MASSIVE SPOILER ALERT: Hugh Jackman’s character is trying to cure brain cancer, but in the course of things cures death. Unfortunately this happens too late to save his wife (he gets the news moments after she dies.) Through a mixture of science, folk lore, and religion he begins to believe that the tree the bark came from (used to cure death) does have the same powers the old Guatemalan man told Rachel Weiz it has: namely that the tree, when planted above a grave, absorbs the essence of the deceased into it, allowing them to live on, in tree form. HJ plants one of these trees over RW’s grave then devotes 500 years of his life to crafting the space ship (the bubble) and traveling to the dying star where she will be reborn when the old star explodes.
END SPOILER ALERT
I absolutely loved this movie. It was so amazingly beautiful in every way. A lot of the people I saw it with, though, walked out and said “I didn’t get it…” Made me sad.
brenda on 14 Dec 2006 at 2:00 am #
…I did get all that (I don’t get how anyone couldn’t, because, like I said, the film makes it really clear), but I didn’t want to summarize the movie, because I didn’t want to “spoil” it for Sara and all my “other readers”, who’d asked about it in a previous comment and because one of its best points is how it slowly reveals how the three stories parallel each other (I realize two of them — and I think it would be easy to read it as saying the third kind of is too — are actually different points on the same story, but the three different timelines each constitute their own arc in terms of narration).
I thought it was definitely remarkable, but more in a grand “flawed film” way: I would be just as surprised to hear someone say they loved as that they didn’t like it. I did “get it”, and I liked it, but not passionately.
Lemon on 14 Dec 2006 at 10:10 pm #
“I don’t get how anyone couldn’t, because, like I said, the film makes it really clear”

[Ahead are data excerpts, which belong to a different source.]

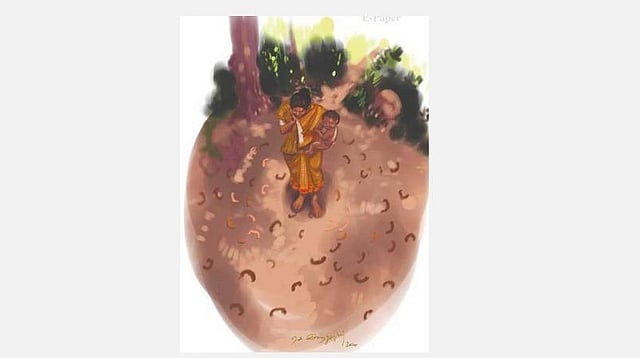 மந்தையில் கூடிக் கிடக்கும் தன் ஊர்க்காரர்களைப் பற்றியெல்லாம் கவலைப்படாத அருவக்கொடி, காரியமே கண்ணாக வனத்துக்குப் புறப்பட்டாள். அவள் தோளில் ஒரு சாக்குப்பையில் தொட்டி வேட்டியும் அதைக் கட்ட வேண்டிய கயிறுமிருக்க இடுப்பில் அவளின் குலசாமியின் பெயரை ஆசையாய் வைத்த அய்யனார் ஒரு வயதுக் குழந்தையாக இருந்தான். நேற்று பெய்த மழையில் இன்று நிலமெல்லாம் புளியம்பழம் உதிர்ந்துகிடக்கும் வனத்துக்குள் நுழைந்த உடனே அவள் நெஞ்சத்தில் மகிழ்ச்சி கரைபுரண்டது. அவள் நினைத்தது போலவே நேற்று மழைக்காக வீசிய காற்றில் புளியம்பழங்களும் நெல்லிக்காய்களும் நிலம் தூந்துக்கிடந்தன. வனத்தின் எதிரில் பெறக்கினால் யாராவது பார்த்துவிடுவார்கள். பிறகு தனக்குப் போட்டியாகப் பெறக்க வந்துவிடுவார்கள். அதுமட்டுமில்லாமல், மழை பெய்திருப்பதால் ‘ரேஞ்சர் வாச்சர்’ வரக்கூடுமென்றும் எண்ணிய அருவக்கொடி வனத்துக்குள்ளே சற்று தூரம் போனாள். அவள் காலில் புளியம்பழங்களும் நெல்லிக்காய்களும் மிதிபட்டன. தோளில் கிடந்த பிள்ளையைத் தூக்கிப் பால்கொடுத்தாள். பால் சிந்திய வாயோடு குழந்தை அவள் முகம் பார்த்துச் சிரித்தது. பிள்ளையின் முகம் பார்த்த அவளுக்கு அதனோடு கொஞ்சிக் குலவ வேண்டுமென்று இருந்தது. ஆனால், இப்போது கொஞ்ச முடியாது என்று நினைத்தவள் கப்பும் கிளையுமாயிருந்த இலுப்பை மரத்தில் கயிற்றை வீசித் தொட்டிலைக் கட்டினாள்.
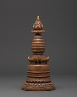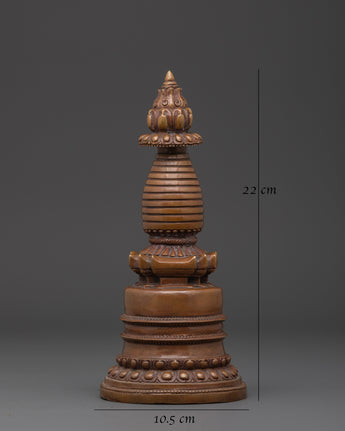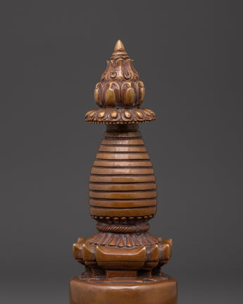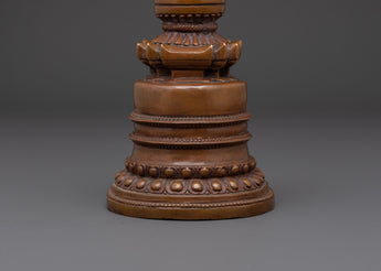 The Tibetan Buddhist Stupa is meticulously crafted with detailed designs, reflecting the rich cultural heritage of Tibetan Buddhism. The oxidized copper finish not only gives it a unique appearance but also enhances its spiritual energy, making it ideal for enhancing meditation, prayers, or rituals. Its design is inspired by the traditional Tibetan stupa, a sacred structure symbolizing the path to enlightenment, making it a powerful and meaningful accessory in your spiritual journey. This Stupa Tibetan Buddhist Shrine is both a gorgeous sculpture and a powerful symbol of spiritual rebirth. This shrine, whether used for meditation, as a decorative accent for your altar, or as a sacred object for rituals, is a continual reminder of Tibetan Buddhism's teachings.
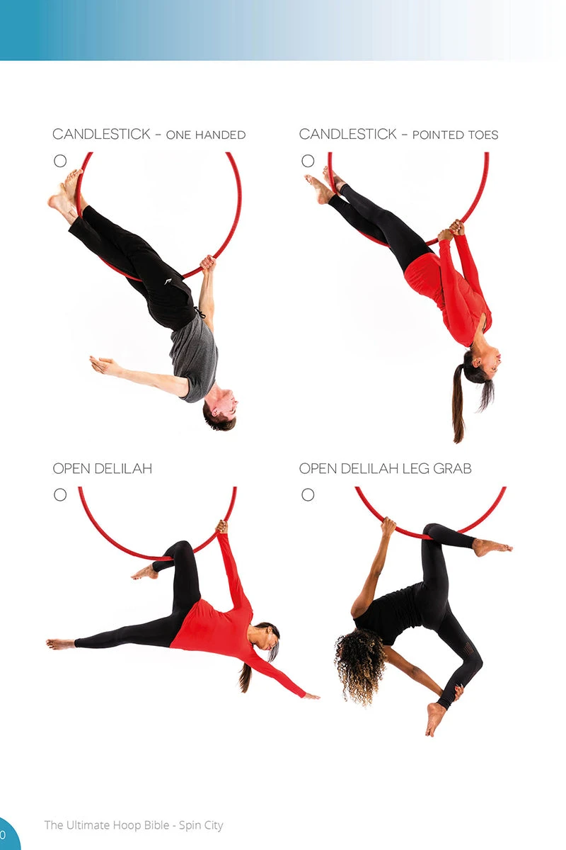 The 6th Edition Spin City Hoop Bible is a great reference book for aerial hoop enthusiasts worldwide. This book has been produced to help you identify your Candlestick from your Cradle, your Side Star from your Wineglass and so much more – with over 1800 reference photos. The first three chapters comprise the core Spin City syllabus (taught in their instructor training courses) with a colour-coded key to identify the level of all other moves. The 6th edition also includes a handy tick spot, so you can check off each move as you achieve it!
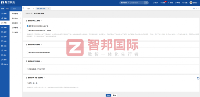 在产品与研发管理方面,智邦国际一体化ERP系统针对电子行业产品种类多、迭代快、编码不统一的痛点,构建了标准化、规范化的产品管理体系,实现产品信息的集中管控。系统支持统一产品编码设置,可灵活适配电子行业复杂的产品规格与型号,实现产品分类、单位、有效期、批号、序列号等信息的一站式管理,同时支持自定义设置产品参数,满足企业个性化管理需求。针对研发环节的痛点,系统实现了产品研发与生产、采购等环节的协同联动,支持物料清单(BOM)的无限层级设置与批量导入,变更过程详细记录,确保研发数据的准确性与可追溯性,减少重复设计,缩短研发周期,助力企业快速响应市场需求,提升产品创新能力。此外,系统支持产品价格策略的灵活设置,可精准管控产品最低售价、最高进价,显示历史报价,多种计价方式可选,为企业产品定价与成本管控提供支撑。
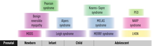 A clinical classification was the first rational classification of mitochondrial disease, since canonical syndromes with particular constellations of symptoms and signs had been recognized for decades before their genetic basis was understood [4–9]. A selection of these syndromes is described below, according to age at presentation (Fig. 1), and an ‘A to Z’ of mitochondrial syndromes is provided in Table 1. However, it is important to remember the enormous clinical heterogeneity of mitochondrial disease (Fig. 2) and that most children affected by mitochondrial disease do not have a classical syndromic presentation, particularly at the earliest stages of their disease when only a single organ may be involved.

See, and what baffles me is that I have yet to read a review someone got paid to write that got the story straight. Without exception they’ve presented the Conquistador as continuous with the rest of the story, then fault the film for not explaining the jump between then and now.
I can understand simplifying things for the sake of not spending 500 words trying to spell out mechanical conventions, but I’ve had to ask “did they watch the movie… or the trailer?” too many times.